- Provided data
-.-.-
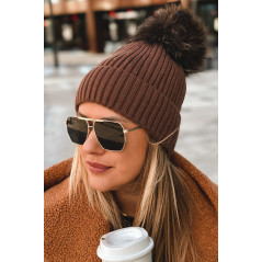 prążkowanej dzianiny. Zdobiona dużym, puszystym pomponem w odcieniach brązu.
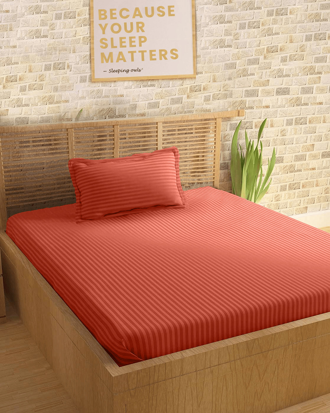 Be the first to review “Sleeping Owls Colors210TC 100% Cotton Stripe 1N Super King Bedsheets with 2N Pillow Covers-(RUST)” Cancel reply
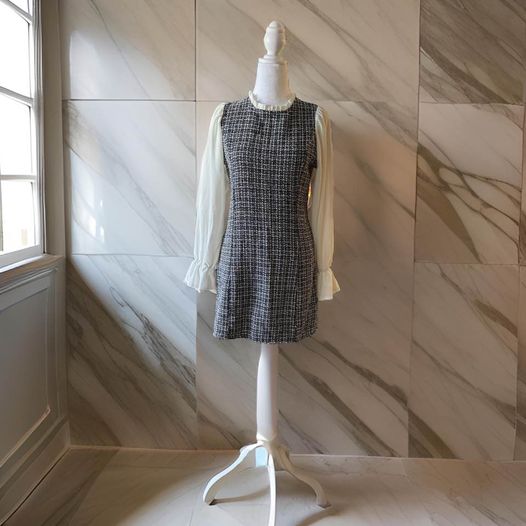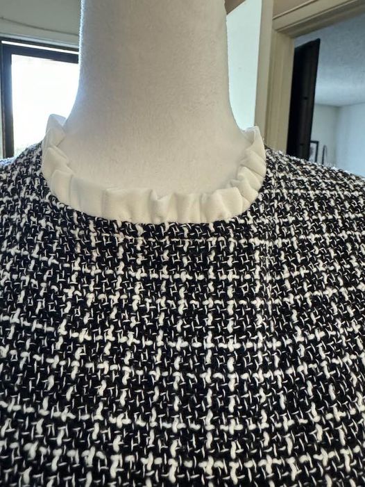 This gray and white dress is perfect for a professional look at work. Made with wool, it features a stylish ruffle neck and a convenient zipper down the back. Available in size M for a comfortable fit. Look confident and polished in this dress. From shoulder to hem 31 inches in length, arm pit to arm pit 17 inches, waist inches
-.-.-
- Your objective
Leave the pictures out and copy the rest of the data exactly.

- Your solution
 prążkowanej dzianiny. Zdobiona dużym, puszystym pomponem w odcieniach brązu.
 Be the first to review “Sleeping Owls Colors210TC 100% Cotton Stripe 1N Super King Bedsheets with 2N Pillow Covers-(RUST)” Cancel reply
 This gray and white dress is perfect for a professional look at work. Made with wool, it features a stylish ruffle neck and a convenient zipper down the back. Available in size M for a comfortable fit. Look confident and polished in this dress. From shoulder to hem 31 inches in length, arm pit to arm pit 17 inches, waist inches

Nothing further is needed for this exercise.